Data excerpts
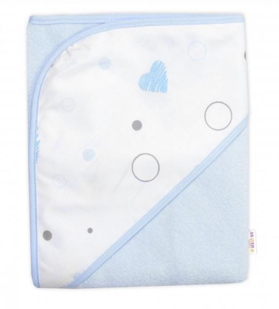 Dětská termoosuška s kapucí Baby Nellys, I love Boy, 100 x 100 cm, modrá
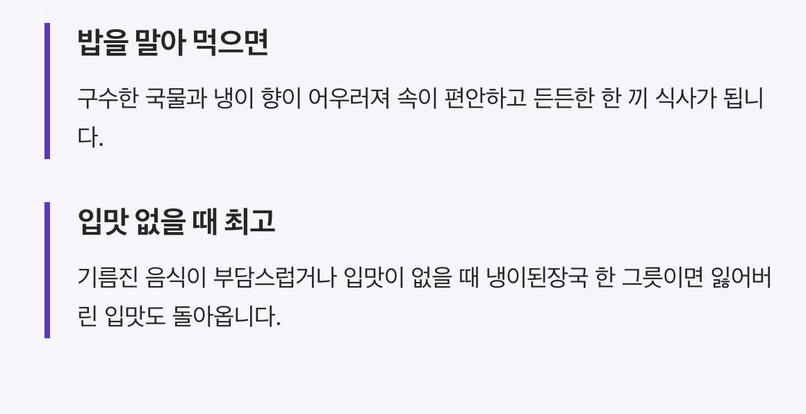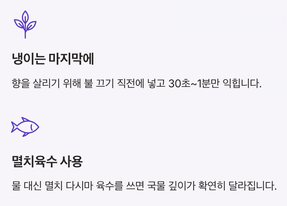 | 멸치육수 사용 | 깊은 국물 맛 |
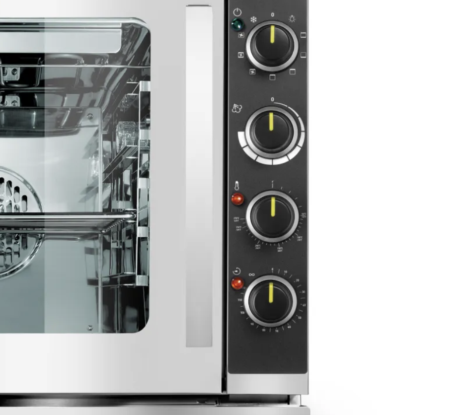 Die manuelle Steuerung ermöglicht eine präzise Einstellung von Programmauswahl, Temperatur, Zeit und Dampfmenge – für maximale Flexibilität bei allen Garprozessen. Ob Auftauen, Vorwärmen, Heißluft, Grillen, Dämpfen oder Kombinationsbetrieb – dieser Kombidämpfer deckt alle Anforderungen moderner Gastro-Küchen ab.
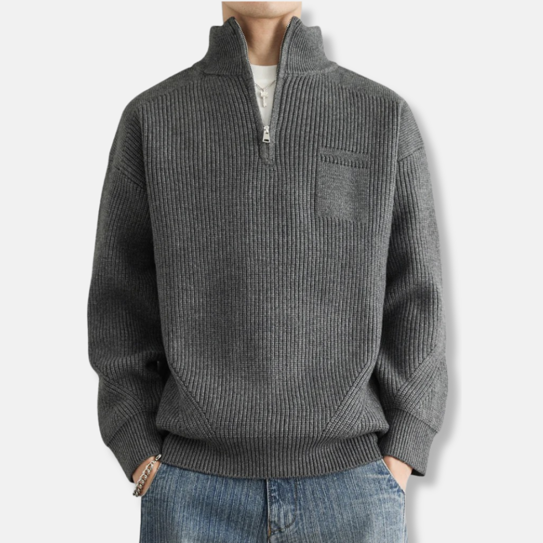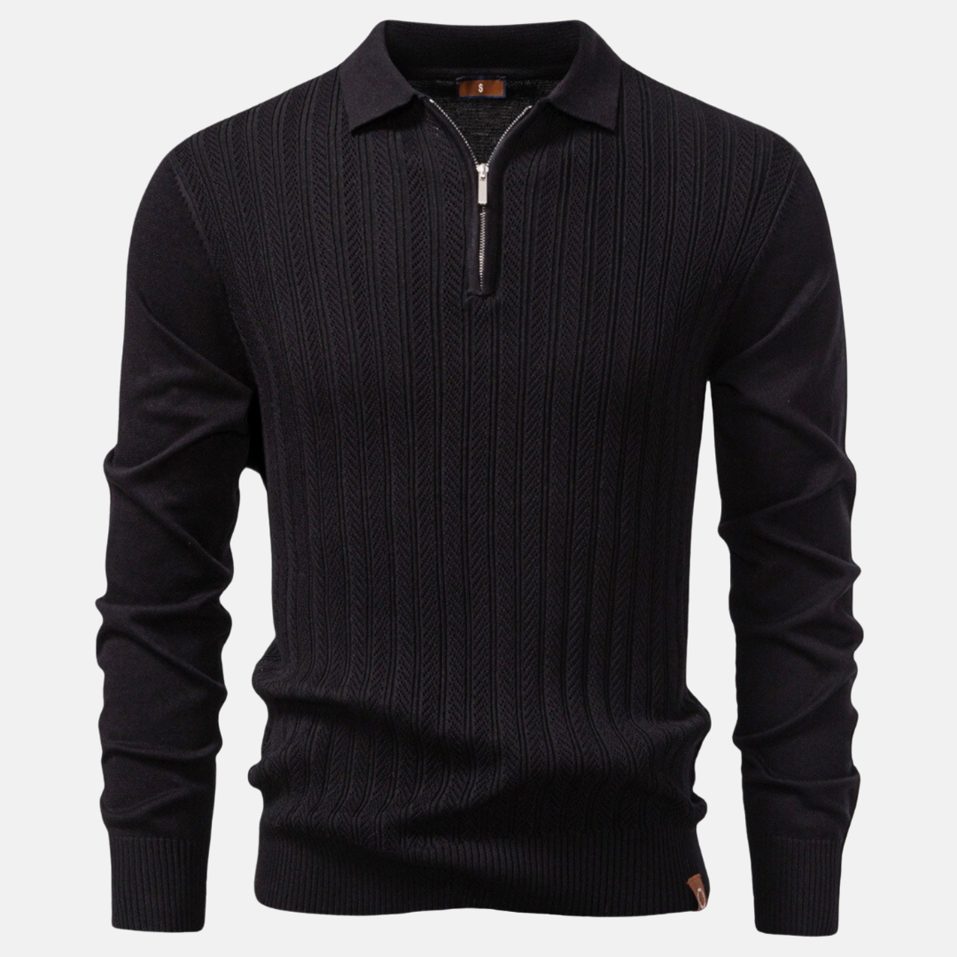 Men’s Sweatshirt - Knitted - Polo Collar - Half-Zip - Regular Slim Fit
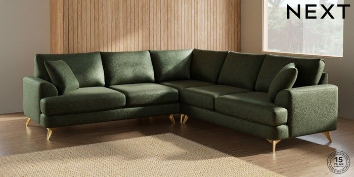 7.2.10 Parker Medium Corner Sofa - Universal Boucle Chenille Dark Moss Green High Metal - Brass | Made Click here to use our website with more accessibility support, for example screen readers

# Problem to solve:
Output exactly the lines from the first line of the records through the line containing "사용 | 깊은 국물 맛 |". Leave out every picture.

# The answer:
 Dětská termoosuška s kapucí Baby Nellys, I love Boy, 100 x 100 cm, modrá
 | 멸치육수 사용 | 깊은 국물 맛 |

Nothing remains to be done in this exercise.